I'm working on a recursive algorithm (I intended to do so), and those problems make my program run a lot slower, from about 1 second increased to 10 seconds. I just want to know the reason behind them. May be this is a bug. I'm using Python 3.9.9. Thanks.

CodePudding user response：

The first is the same as a[2:99]==1. A (98,100) slice followed by a (97,100), and then the == test.

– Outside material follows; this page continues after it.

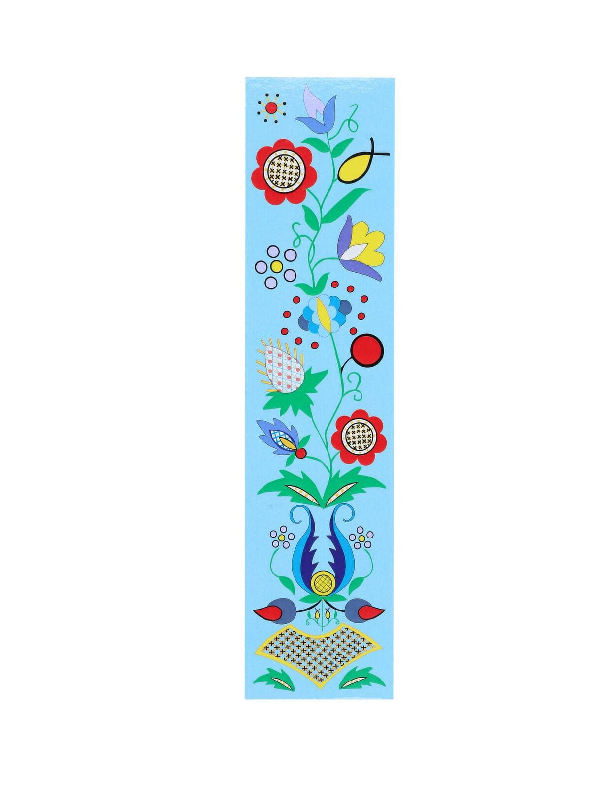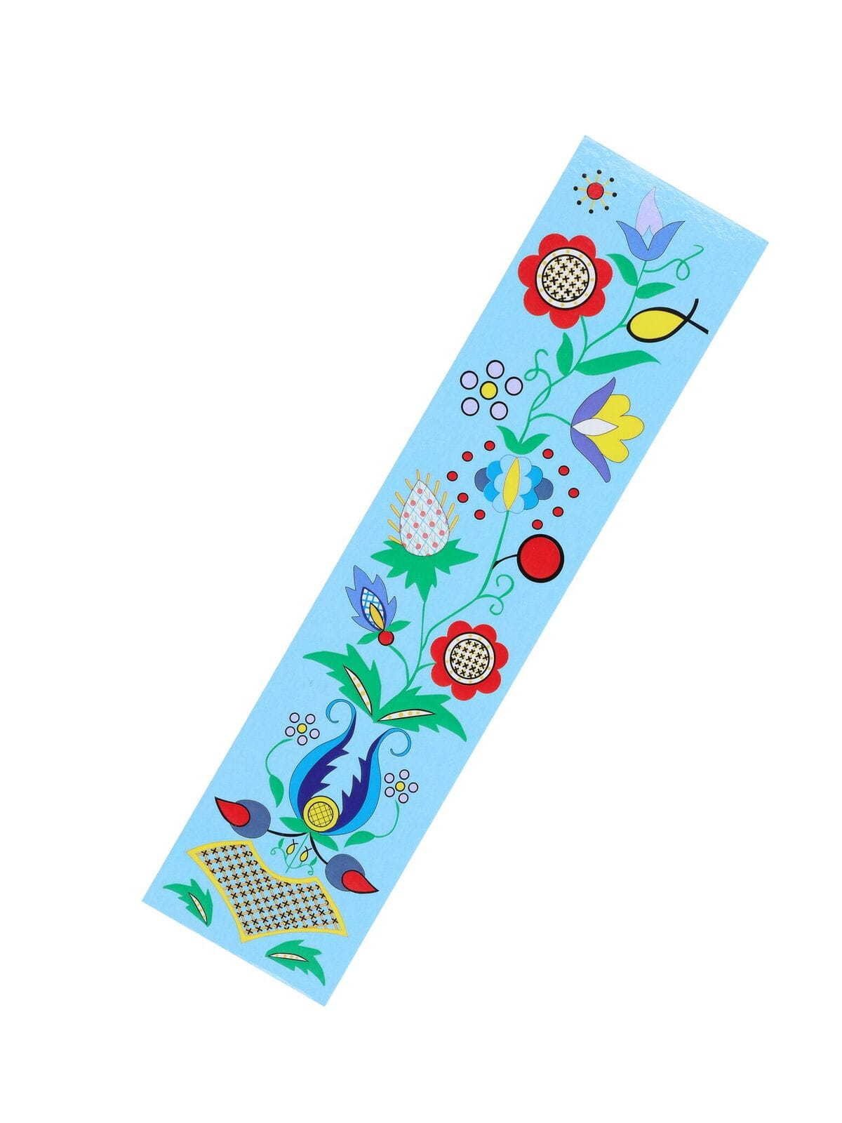 Folkowa zakładka do książki z wzorami inspirowanymi haftem kaszubskim szkoły puckiej.

In [177]: timeit (a[1:99][1:99]==1)
8.51 µs ± 16.3 ns per loop (mean ± std. dev. of 7 runs, 100000 loops each)
In [178]: timeit (a[1:99][1:99])
383 ns ± 5.73 ns per loop (mean ± std. dev. of 7 runs, 1000000 loops each)
In [179]: timeit (a[1:99])
208 ns ± 10.4 ns per loop (mean ± std. dev. of 7 runs, 1000000 loops each)

The bulk of the time is the test, not the slicing.

In [180]: a[1:99,1:99].shape
Out[180]: (98, 98)
In [181]: timeit a[1:99,1:99]==1
32.2 µs ± 12.9 ns per loop (mean ± std. dev. of 7 runs, 10000 loops each)
In [182]: timeit a[1:99,1:99]
301 ns ± 3.61 ns per loop (mean ± std. dev. of 7 runs, 1000000 loops each)

Again the slicing is a minor part of the timing, but the == test is significantly slower. In the first case we selected a subset of the rows, so the test is on a contiguous block of the data-buffer. In the second we select a subset of rows and columns. Iteration through the data-buffer is more complicated.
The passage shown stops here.